Strong demand allowed Saudi Arabia to lower yields on the shorter-term bonds, further demonstrating investor confidence. Economists noted that the pricing above US Treasuries is attractive in the current market, showcasing trust in Saudi Arabia’s economic stability and financial strategies.

International confidence

Economic experts view this successful bond issuance as a testament to international confidence in Saudi Arabia’s robust economy and financial reforms. Dr. Mohammed Al-Qahtani, an economics professor at King Faisal University, said the move underscores Saudi Arabia’s commitment to diversifying financing tools both domestically and internationally. He added that the funds would support Vision 2030 projects, reduce pressure on domestic resources, and attract strong international investor interest.

The issuance strengthens Saudi Arabia’s ability to meet financial needs, expand its investor base, and establish a global financing network, he said, noting that it also facilitates entry into new markets, enabling the Kingdom to accelerate infrastructure projects and capital expenditures.

Dr. Ihsan Buhulaiga, founder of Joatha Business Development Consultants, described the 2025 budget as expansionary, aimed at meeting the financing needs of economic diversification programs. He stressed that the budget deficit is an “optional” one, reflecting a deliberate choice to prioritize Vision 2030 initiatives over immediate fiscal balance.

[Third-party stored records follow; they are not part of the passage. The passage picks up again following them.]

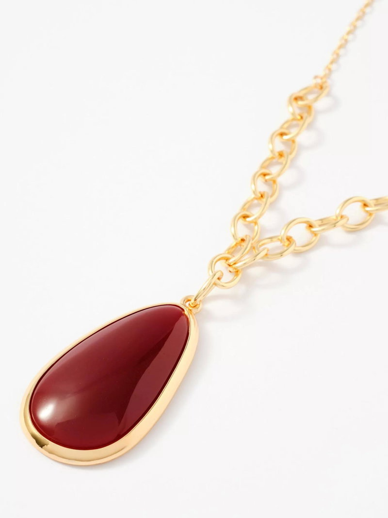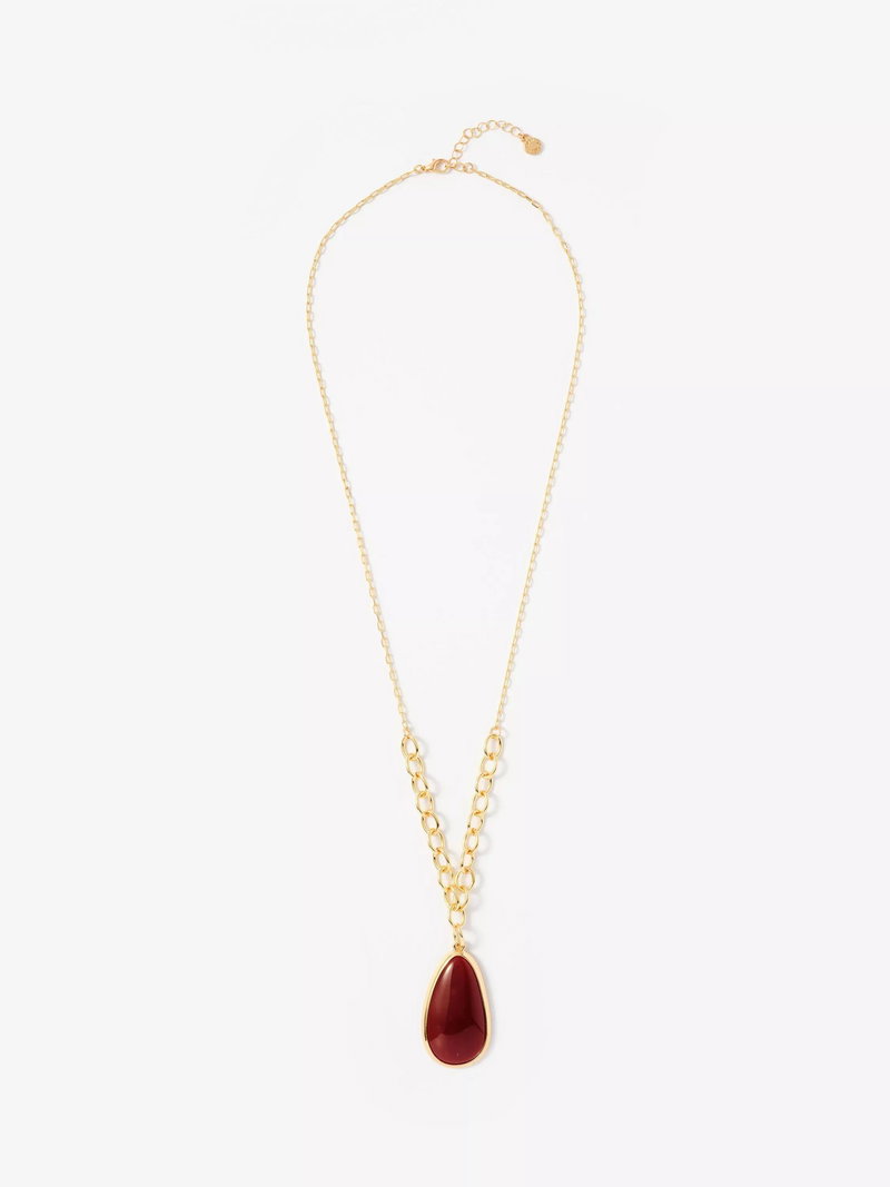 This elegant drop chain necklace features a vibrant resin stone pendant for a sophisticated pop of colour. Finished with a secure lobster clasp and an adjustable fastening.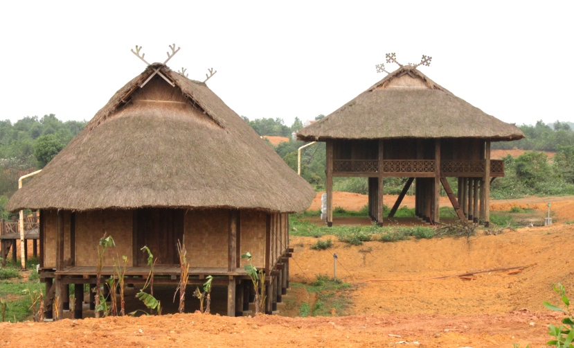 A Thai house on stilts is simple but solid. It is made of bamboo and strong reeds with a thatched roof. Instead of being nailed, the separate parts are joined by tightly knotted bamboo strings. To link pillars, the majority Kinh people use a mortise, but the Thai use ridge beams which go through the pillars. Luong Van Thiet, a researcher with the Vietnam Museum of Ethnology, told VOV: “The black Thai house has a tortoise-shaped roof because people believe a tortoise taught them o build houses. On top of the roof are two crossed bamboo poles, which are called Khau Cut. Khau Cut illustrates the house owner’s social status. A rich owner has lotus-carved poles, while a poor owner has plain pole. The newly-weds have a carved image of an expectant mother to pray for reproduction”.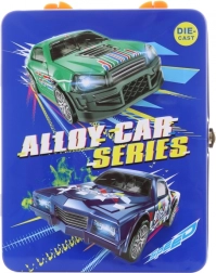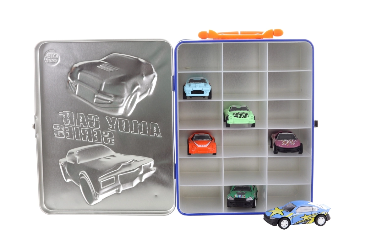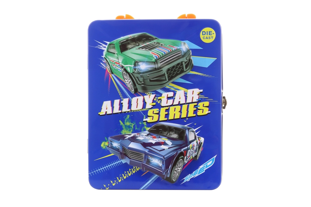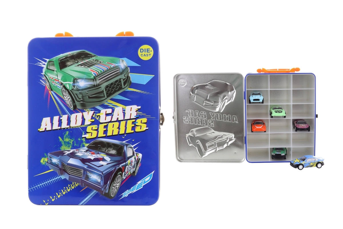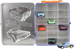 Praktische blikken box met 6 metalen autootjes met pullback-mechanisme voor kleine racers en verzamelaars. De stevige doos biedt plaats aan tot 18 autootjes en is ideaal voor opbergen, meenemen en cadeauverpakking. De compacte afmetingen van de box en autootjes zijn perfect voor kinderhanden en voor spelen thuis en onderweg.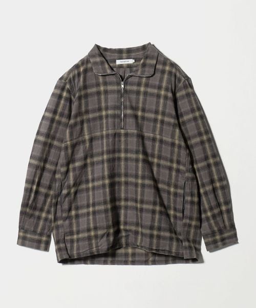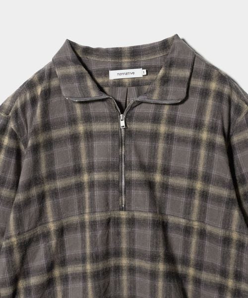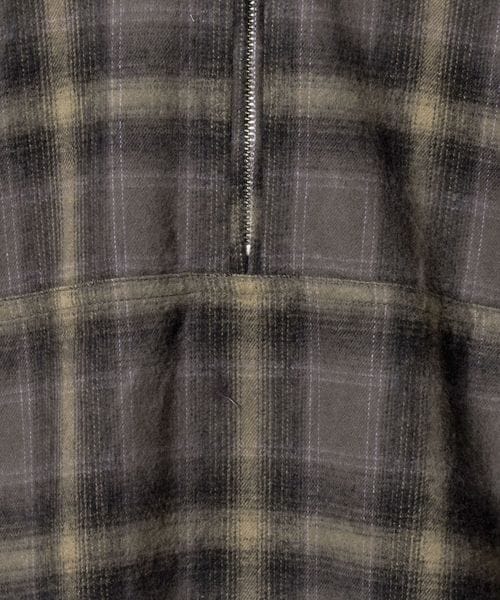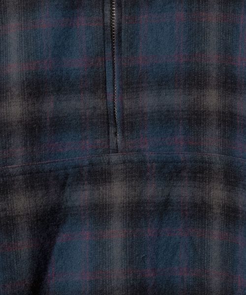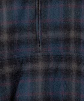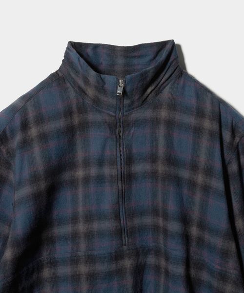 オンブレチェック柄がクラシックな雰囲気を醸し出しつつ、スタンドカラーとハーフジップのディテールがスポーティな印象をプラス。

Buhulaiga explained that the Kingdom’s approach balances two options: limiting spending to available revenues, which would avoid deficits but delay Vision 2030 initiatives, or borrowing strategically to fund Vision 2030 goals. He said that the annual budget is just a component of the larger vision, which requires sustained funding until 2030.

He continued that Saudi Arabia’s fiscal space and creditworthiness allow it to borrow internationally at competitive rates, explaining that this flexibility ensures financial sustainability without compromising stability, even during challenges like the COVID-19 pandemic.

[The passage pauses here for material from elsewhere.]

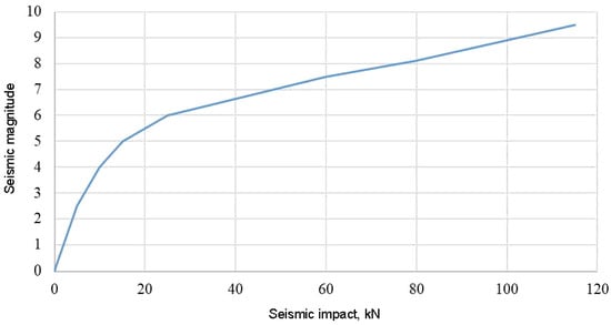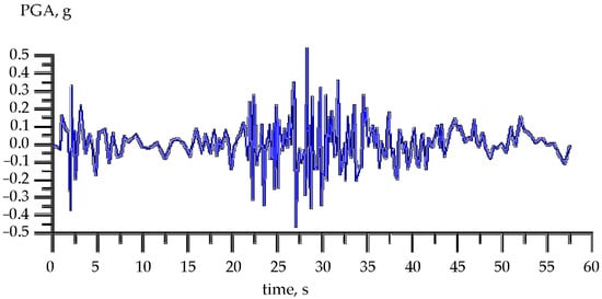 A detailed specification of the initial seismicity of HPP and TPP sites was carried out using Probabilistic Seismic Hazard Analysis (PSHA) [,,,,,]. The method is based on the estimation of the probability of exceeding a given level of earthquake-induced ground motion at a given point during a given future time period. The product of this analysis is a hazard curve: the dependence of the probability of exceedance on the level of movement. The CRISIS 2015 program was used to directly calculate the impact values [], developed at the National University of Mexico. The program is freely distributed and regularly updated. CRISIS works with all types of sources and contains in its database most of the known attenuation models up to 2014. In 2015–2016, the CRISIS program was tested at the Pacific Earthquake Engineering Research Center (USA), where it was compared with well-known software, in particular PSHA. The results of the seismic calculations are presented in Table 1. An example of one of the synthesized accelerograms is shown in Figure 1.

Saudi Arabia’s debt portfolio remains balanced, with two-thirds of its debt domestic and one-third external. As of Q3 2024, public debt stood at approximately SAR 1.2 trillion, below the 30% GDP ceiling. According to the Ministry of Finance, the budget deficit is expected to persist through 2027 but remain below 3% of GDP.

Buhulaiga highlighted the importance of capital expenditure, which reached SAR 186 billion in 2023 and is projected to rise to SAR 198 billion in 2024, a 6.5% increase.

He emphasized the government’s pivotal role in economic diversification, supported by investments from the Public Investment Fund (PIF), the National Development Fund, and its subsidiaries, including the Infrastructure Fund.

The PIF recently announced a $7 billion Murabaha credit facility, facilitated by Citigroup, Goldman Sachs International, and JPMorgan. Meanwhile, the NDMC arranged a $2.5 billion revolving credit facility earlier in January, compliant with Islamic principles, to address budgetary needs.

In November, Moody’s upgraded Saudi Arabia’s credit rating to Aa3, aligning with Fitch’s A+ rating, both with a stable outlook. S&P Global assigns the Kingdom an AA-1 rating with a positive outlook, reflecting a high ability to meet financial obligations with low credit risk.

The IMF estimates Saudi Arabia’s public debt-to-GDP ratio at 26.2% in 2024, describing it as low and sustainable. This is projected to rise to 35% by 2029 as foreign borrowing continues to play a key role in financing deficits.